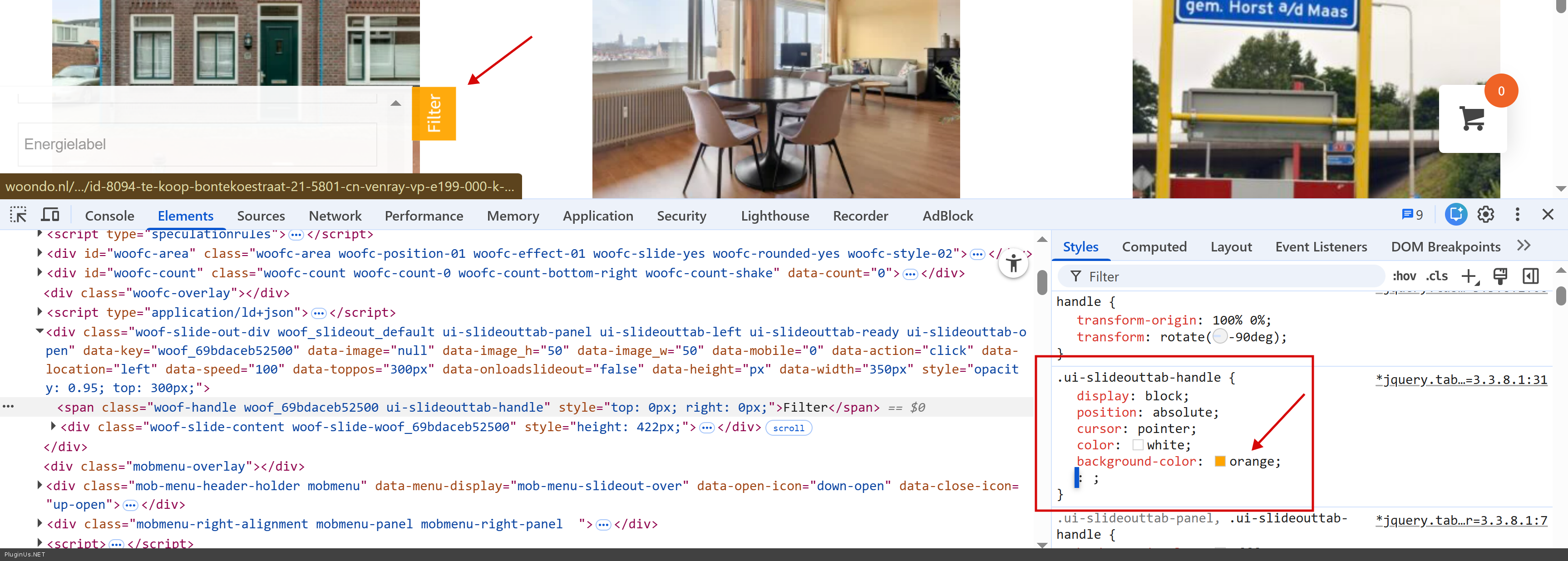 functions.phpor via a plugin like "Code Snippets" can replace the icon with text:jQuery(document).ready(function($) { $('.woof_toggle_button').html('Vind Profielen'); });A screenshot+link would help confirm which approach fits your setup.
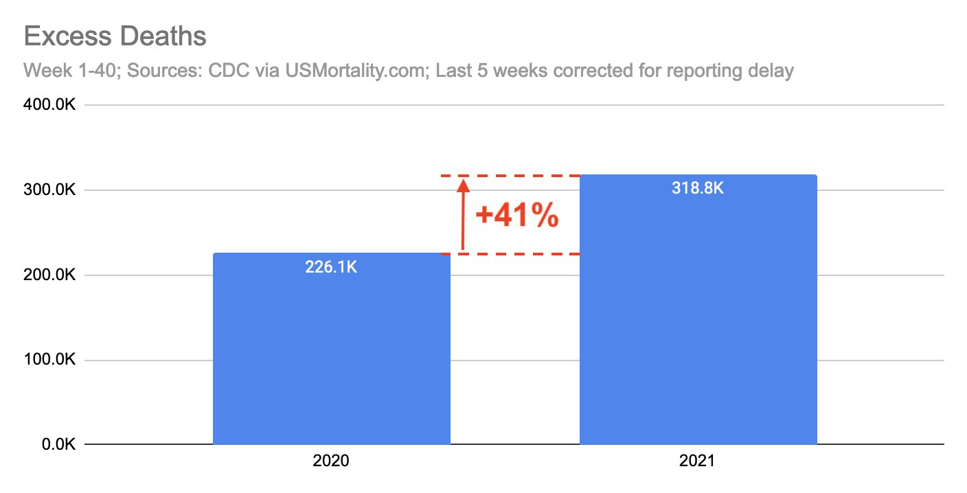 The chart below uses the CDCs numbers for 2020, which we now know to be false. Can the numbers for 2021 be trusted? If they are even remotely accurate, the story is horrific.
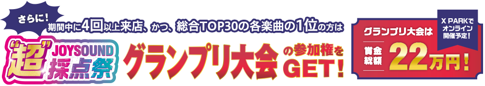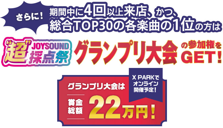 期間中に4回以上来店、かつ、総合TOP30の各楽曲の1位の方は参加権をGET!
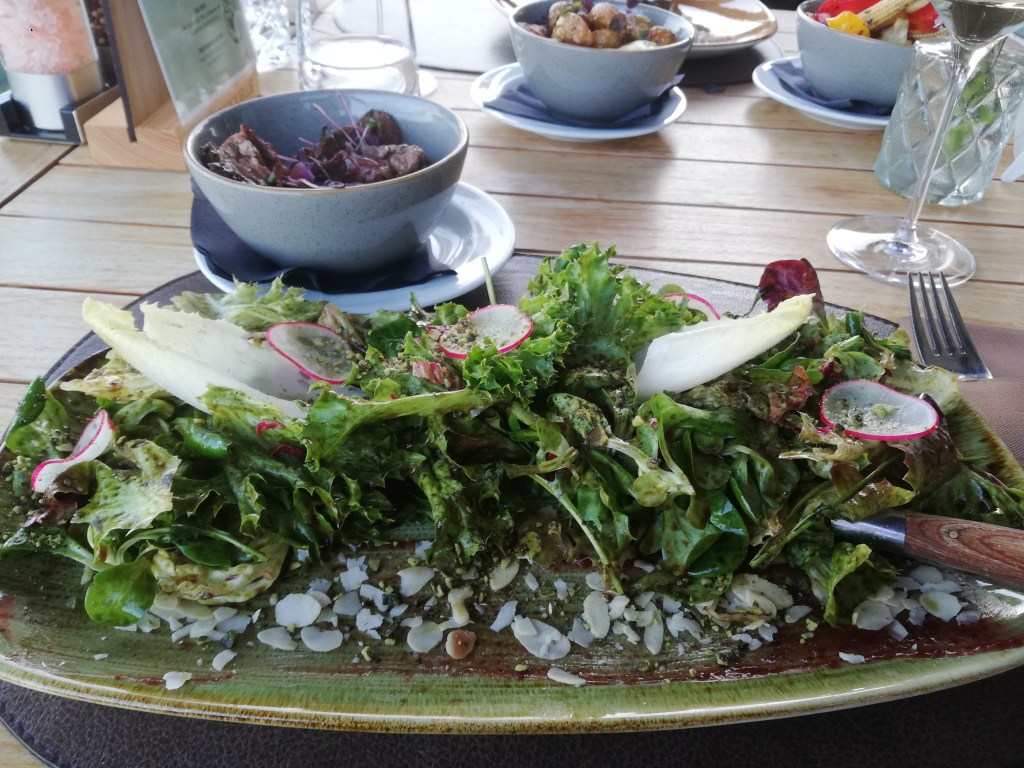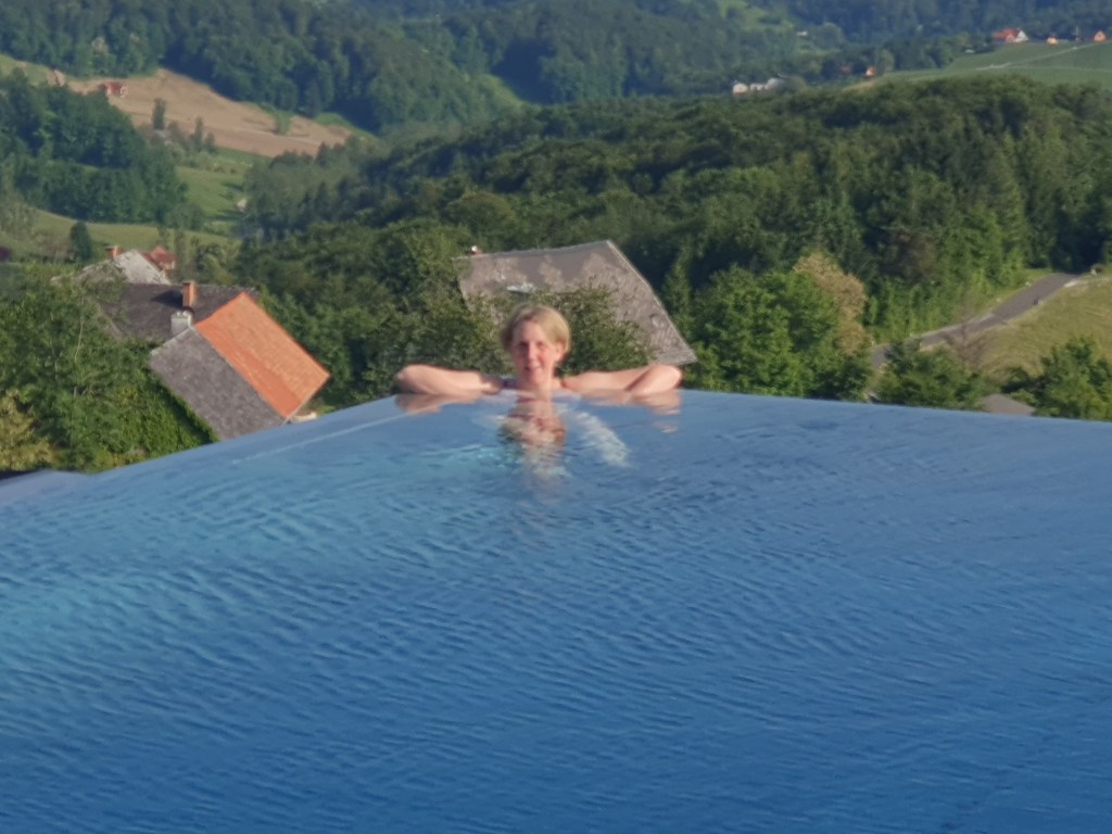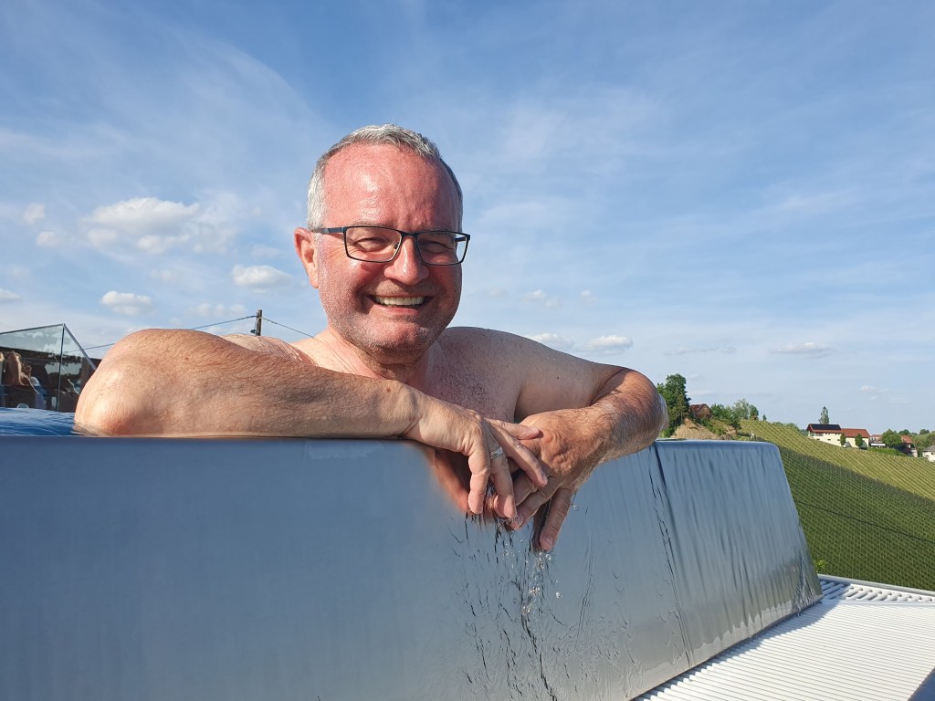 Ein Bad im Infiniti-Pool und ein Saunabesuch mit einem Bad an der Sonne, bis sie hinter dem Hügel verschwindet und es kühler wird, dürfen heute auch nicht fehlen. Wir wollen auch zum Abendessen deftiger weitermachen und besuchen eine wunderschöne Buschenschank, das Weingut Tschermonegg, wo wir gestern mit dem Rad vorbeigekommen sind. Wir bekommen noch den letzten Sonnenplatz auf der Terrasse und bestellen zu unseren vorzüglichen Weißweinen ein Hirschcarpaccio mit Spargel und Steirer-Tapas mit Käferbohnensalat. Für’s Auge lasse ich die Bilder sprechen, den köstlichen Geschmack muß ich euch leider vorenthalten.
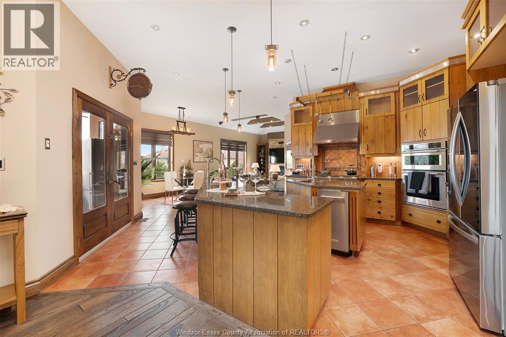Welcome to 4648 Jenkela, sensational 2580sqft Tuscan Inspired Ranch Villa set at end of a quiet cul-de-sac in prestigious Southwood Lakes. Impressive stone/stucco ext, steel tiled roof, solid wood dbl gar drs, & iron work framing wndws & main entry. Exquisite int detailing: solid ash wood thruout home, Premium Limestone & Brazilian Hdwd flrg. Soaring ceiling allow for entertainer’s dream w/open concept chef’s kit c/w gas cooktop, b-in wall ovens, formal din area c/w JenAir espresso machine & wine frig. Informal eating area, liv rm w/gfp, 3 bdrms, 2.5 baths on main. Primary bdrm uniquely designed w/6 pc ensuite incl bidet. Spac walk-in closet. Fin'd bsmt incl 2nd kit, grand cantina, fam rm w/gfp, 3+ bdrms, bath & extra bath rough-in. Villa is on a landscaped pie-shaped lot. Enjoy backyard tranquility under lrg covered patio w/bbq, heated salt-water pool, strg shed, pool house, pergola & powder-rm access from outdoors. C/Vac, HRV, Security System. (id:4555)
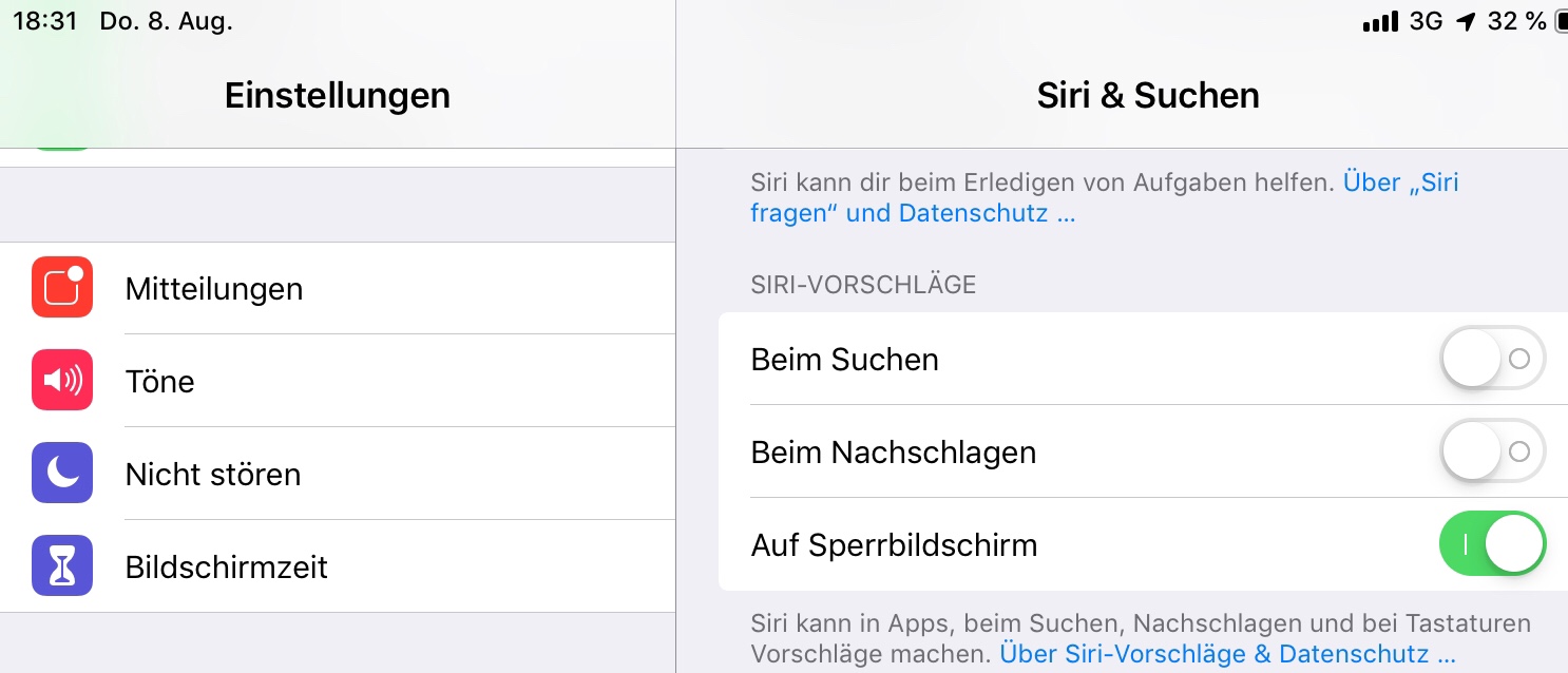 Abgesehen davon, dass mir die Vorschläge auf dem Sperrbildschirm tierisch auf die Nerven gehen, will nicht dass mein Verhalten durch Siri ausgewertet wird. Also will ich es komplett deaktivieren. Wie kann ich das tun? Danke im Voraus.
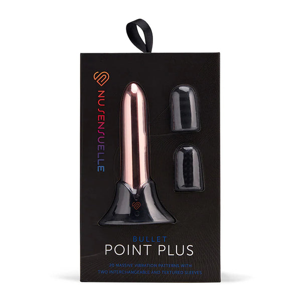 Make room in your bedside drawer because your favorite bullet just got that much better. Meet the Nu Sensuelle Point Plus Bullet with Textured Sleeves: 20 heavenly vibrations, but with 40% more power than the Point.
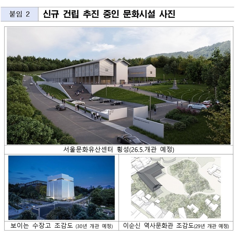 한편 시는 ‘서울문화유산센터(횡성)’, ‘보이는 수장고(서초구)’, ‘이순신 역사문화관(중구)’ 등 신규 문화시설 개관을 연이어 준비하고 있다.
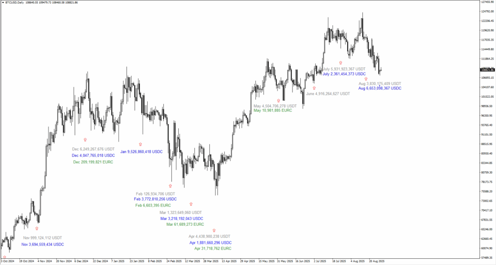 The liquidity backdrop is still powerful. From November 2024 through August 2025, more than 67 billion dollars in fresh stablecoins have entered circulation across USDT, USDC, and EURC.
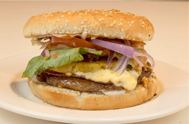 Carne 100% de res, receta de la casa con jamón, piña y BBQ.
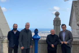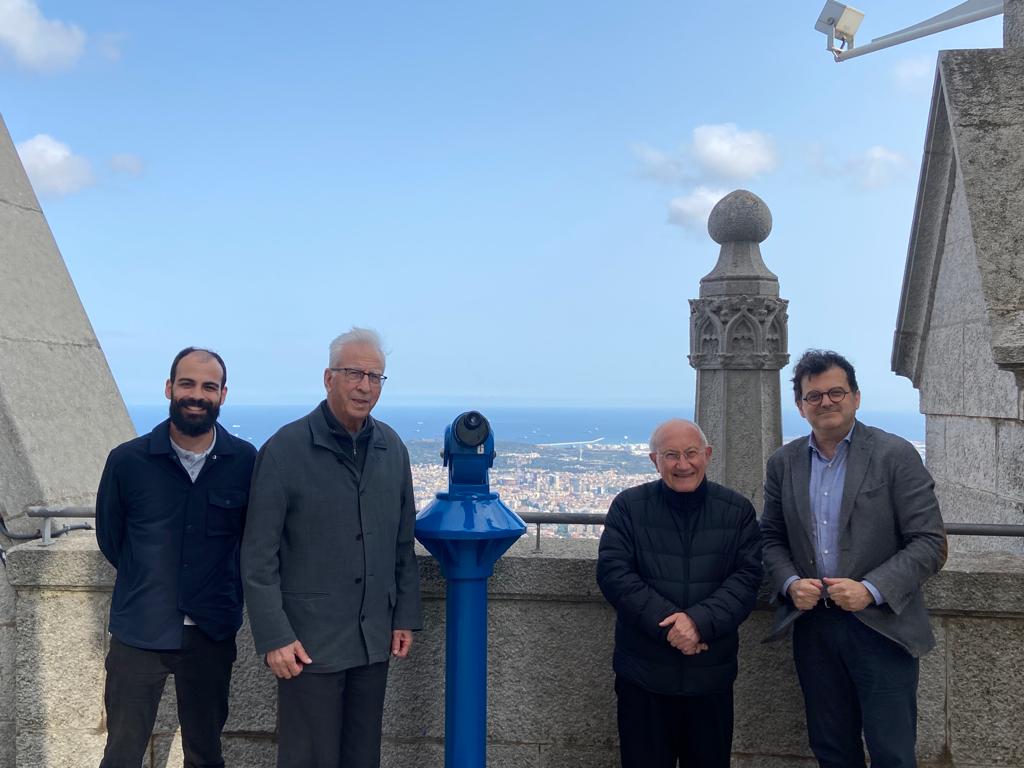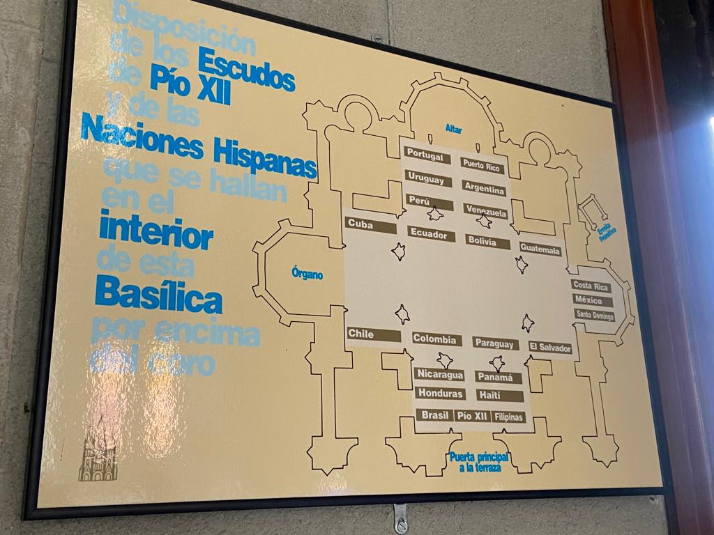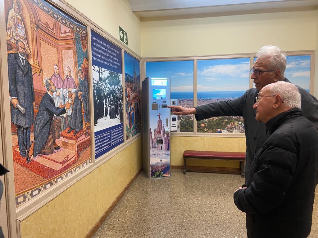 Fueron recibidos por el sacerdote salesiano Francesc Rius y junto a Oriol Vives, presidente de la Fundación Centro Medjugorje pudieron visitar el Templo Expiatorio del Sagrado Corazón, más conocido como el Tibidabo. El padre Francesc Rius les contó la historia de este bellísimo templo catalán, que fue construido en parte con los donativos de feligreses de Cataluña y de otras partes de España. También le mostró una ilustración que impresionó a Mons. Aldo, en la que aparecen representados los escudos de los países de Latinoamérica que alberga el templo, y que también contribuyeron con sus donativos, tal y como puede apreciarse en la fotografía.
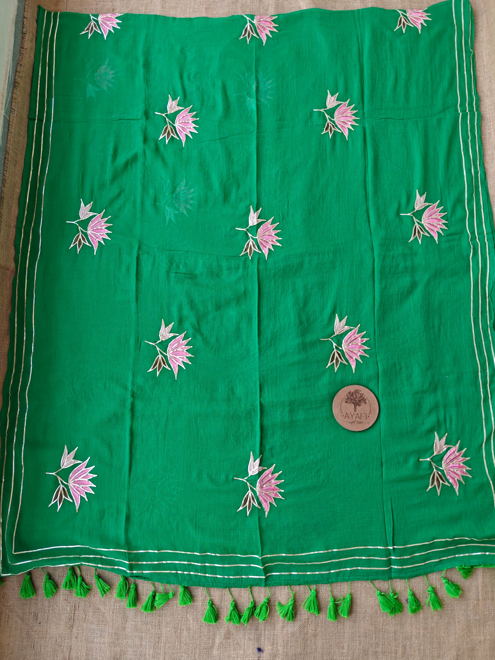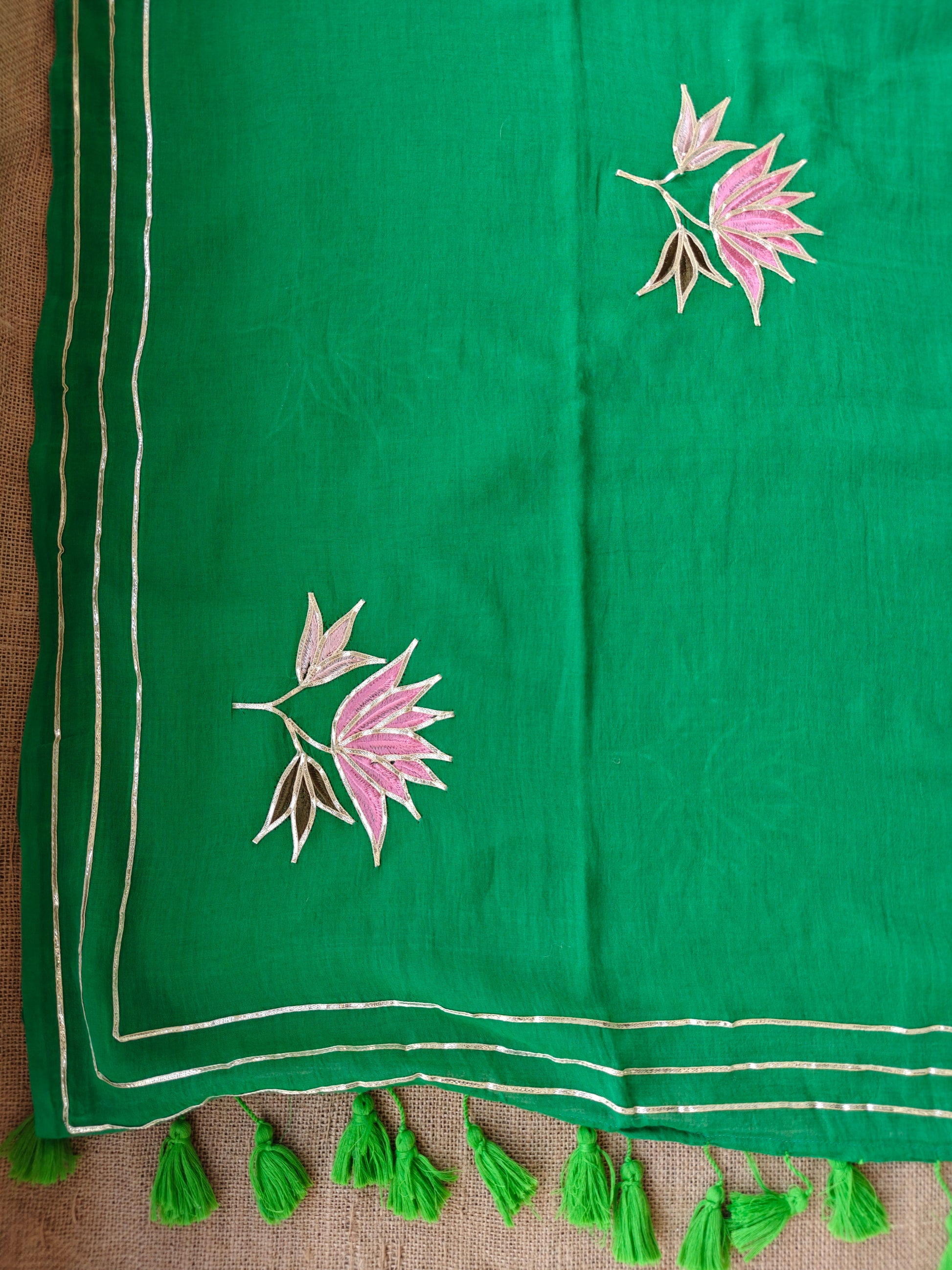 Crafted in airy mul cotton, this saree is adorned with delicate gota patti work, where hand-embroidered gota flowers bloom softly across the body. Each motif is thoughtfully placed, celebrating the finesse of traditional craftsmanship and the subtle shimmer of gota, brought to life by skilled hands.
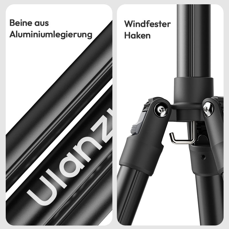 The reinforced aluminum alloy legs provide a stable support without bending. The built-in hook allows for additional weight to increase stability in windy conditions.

──────────

### TASK DESCRIPTION
Pictures must be left out of the answer, which should be exactly the lines from the one holding "Fueron recibidos por" through the last line of the entries above, both included; please add nothing.

### SOLUTION TO THE PROBLEM
 Fueron recibidos por el sacerdote salesiano Francesc Rius y junto a Oriol Vives, presidente de la Fundación Centro Medjugorje pudieron visitar el Templo Expiatorio del Sagrado Corazón, más conocido como el Tibidabo. El padre Francesc Rius les contó la historia de este bellísimo templo catalán, que fue construido en parte con los donativos de feligreses de Cataluña y de otras partes de España. También le mostró una ilustración que impresionó a Mons. Aldo, en la que aparecen representados los escudos de los países de Latinoamérica que alberga el templo, y que también contribuyeron con sus donativos, tal y como puede apreciarse en la fotografía.
 Crafted in airy mul cotton, this saree is adorned with delicate gota patti work, where hand-embroidered gota flowers bloom softly across the body. Each motif is thoughtfully placed, celebrating the finesse of traditional craftsmanship and the subtle shimmer of gota, brought to life by skilled hands.
 The reinforced aluminum alloy legs provide a stable support without bending. The built-in hook allows for additional weight to increase stability in windy conditions.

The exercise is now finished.